As organizations implement continuous software delivery platforms, conventional reporting mechanisms based on data aggregated over time are no longer viable. Understanding the risk that incremental changes introduce from build to build becomes critical as the release velocity accelerates. Organizations need immediate visibility into changes in coverage, changes in test regressions, and the ability to quickly identify which tests need to be rerun. The updates in this release help you understand these changes and identify any issues that need to be resolved in order to mitigate risk and accelerate delivery. 

Reporting Static Analysis Violations by Build

In this release, we’ve extended the concept of reporting build-based data. DTP Engines can now report new, fixed, and existing static analysis violations by build, enabling organizations to not only address potential defects more efficiently early in the SDLC, but also correlate violations with change to pinpoint specific areas of the code where defects may have been introduced. 


Extended Support for Automotive Software Quality

As the focus on quality and safety-critical aspects of automotive software come to the forefront of the industry, Parasoft continues to expand its offering for C and C++ applications.

Complete MISRA C:2012 Coverage for Static Analysis

The static analysis rules shipped with the DTP Engine for C/C++ have been updated to include complete coverage for the MISRA C:2012 standard, including complete coverage for Amendment 1 published in May of 2016. See [link to coverage doc] for details.

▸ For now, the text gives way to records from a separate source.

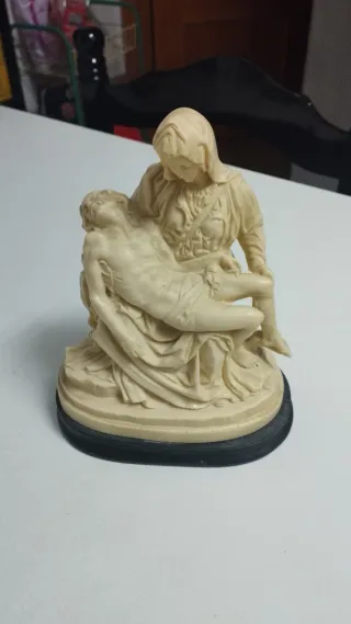 Réplica de la famosa escultura Pietà de Miguel Ángel. Representa a la Virgen María sosteniendo el cuerpo de Jesús. - Material: Resina - Base negra incluida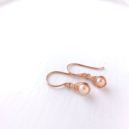 • Handmade with 4mm round pink Freshwater Pearls and 14K gold-filled or Sterling Silver wire.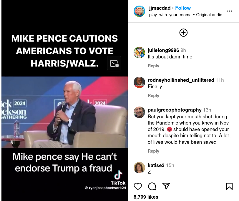 Did Mike Pence endorse Kamala Harris and Tim Walz? No, this video was edited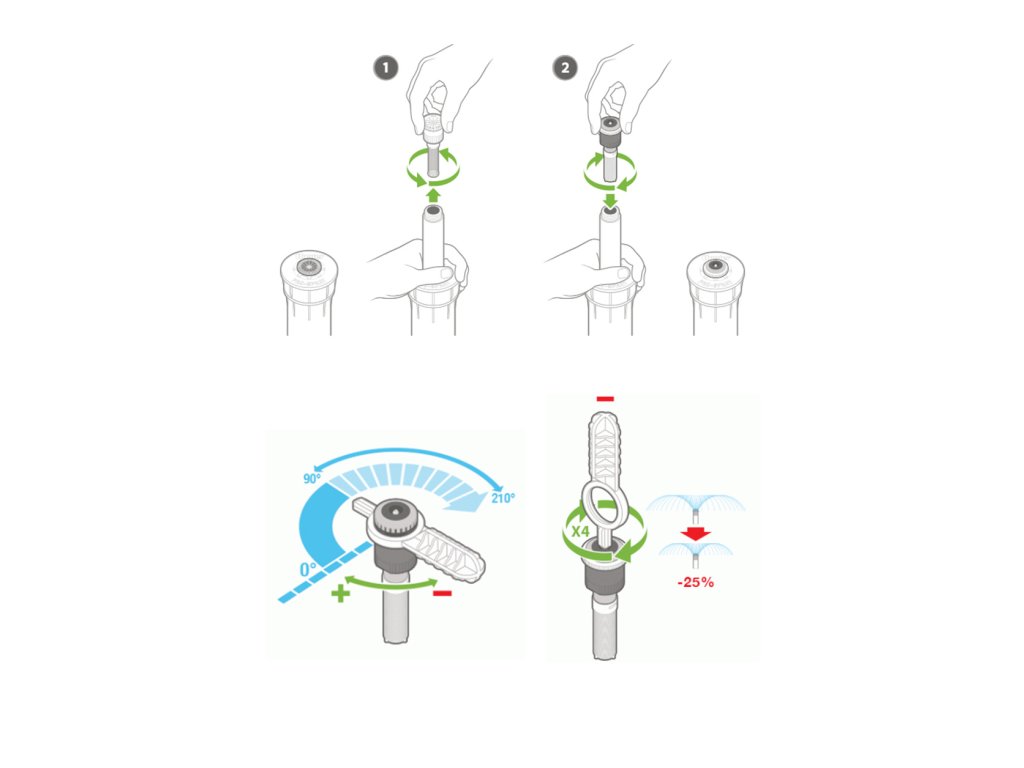 Továrenské nastavenie trysky je vždy na maximálny dostrek 3,1 m. Pomocou nastavovacieho kľúča MP Tool možno lúč vody plynulo skrátiť až o približne 25 %, teda na približne 2,3 m. Vzdialenosť aj uhol výseče sa dajú podľa potreby presne doladiť, aby ste dosiahli ideálne pokrytie plochy bez prekrývania alebo presahov.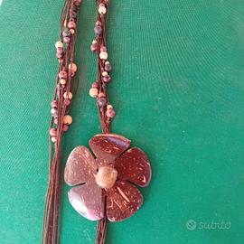 Collana /cintura in legno e cuoio,originale d'oriente , lunghezza totale cm 145, si può usare come collana o cintura.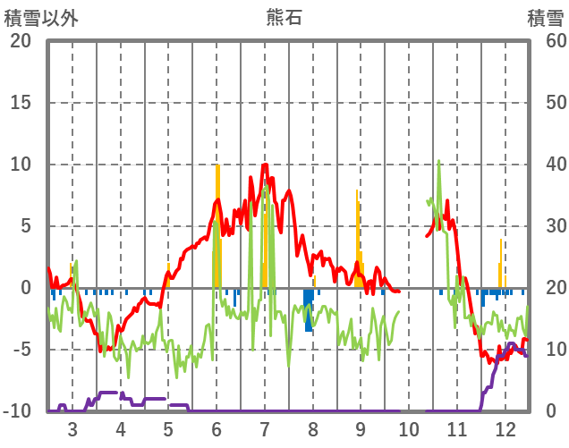 | 日 | 時 | 気温 | 降水 | 風向/風速 | 日照 | 積雪 | 降雪 |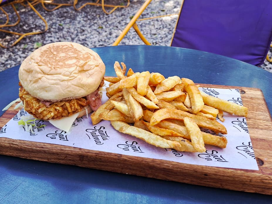 Hamburguesa Rey Cesar Compartir Pan de papa, aderezo cesar, escamas de queso parmesano, medallón crispy de pollo y panceta, acompañada de papas fritas.$17.330 Observaciones 0 / 150

The marketplace also includes a new MISRA qualification kit, which provides configurations for the DTP Engines and the DTP server for centralized reporting. The kit contains a set of regression tests and supporting documents to help you validate your use of MISRA C:2012, such as when applying static analysis rules for ISO 26262 compliance.

Other Updates and Enhancements

  • C/C++test: New rules for MISRA C:2012 (see New and Updated Code Analysis Rules.
  • C/C++test: Enhanced support for Modern C++ standards (C++11, C++14, C++17), including dedicated static analysis. rules and test configuration.
  • C/C++test: Added support for execution and coverage analysis of the CppUTest unit testing framework.

  • Improved rules parameterization in the DTP Test Configuration UI.
  • Improved reporting of errors and setup problems within HTML reports and on DTP.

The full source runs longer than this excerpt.